I stopped falling in love @ 2:45 PM

Y



Tuesday, September 27, 2005

i've had a couple of good laughs tonight.

with boey:
me: stop hitting me! pain! =walks out of courts=
then boey lean against the railing, looking down at the center region.
me: get lost lah, your ass is blocking the way.
hehe...funny?

at mothercare still with boey:
boey: there, the baby shoes are over there.
me: woah so cute leh...u see this blue one...
boey: i tot u were gonna point out the pink ones.
me: aiya u looking for fernell, he is a boy wah! anyway stop looking lah...just makes me wanna be a mommie too.

on the train:
huisin: jolene!!!!!!! long time no see...i didn't see you leh...my bf noticed you.(her bf was from our secondary school)
me: haha of coz lah...ur face was buried in his chest the whole time, where got time to notice ur surroundings?
ok i was suaning her in a fun way...keep ur nasty comments to urself if u can't understand our joke.

at home:
was watching america's next top model while eating dinner.
mummy: eh xiao mei ah, didi sleep liao mah?
mei mei: sleep liao lah. u dun wanna sleep ah?!
mummy: i watching america's next top model.
mei mei: dun day dream lah you!!!
i nearly choked on my food. haha...and mummy blushed!

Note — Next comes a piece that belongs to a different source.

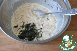 Добавляем рубленную зелень укропа (у меня мороженный), перемешиваем.

so once again, i got stared at by guys. quite weird leh...u guys not embarrassed when u stare at a lady and she noticed you staring and stares back at you? i dunno wats wrong with these men.

i was waiting for the train to approach when this indian man was staring directly at my you-know-where and scratching his you-know-what. i was so disgusted i stared back at him. he was quite taken aback by my fierce stare and stopped scratching. then i couldn't be bothered with him coz i saw huisin and we started yakking.

and who knows now the route while walking home is no longer stares-free? this stupid guy, he was staring at my face with his big big eyes and he looks as if he wanna eat me up. and he walked so close to me. yucks.

wheee! my room is still neat! hee~


I stopped falling in love @ 12:12 AM

Y



Sunday, September 25, 2005

To our beloved xiao an!!!!!

wo hen xiang ni..ni zhi dao ma... hee...got miss me not?!

how have you been? been reading my blog huh? leave me a tag so that i know u are fine and well mah... and have u been a good boy?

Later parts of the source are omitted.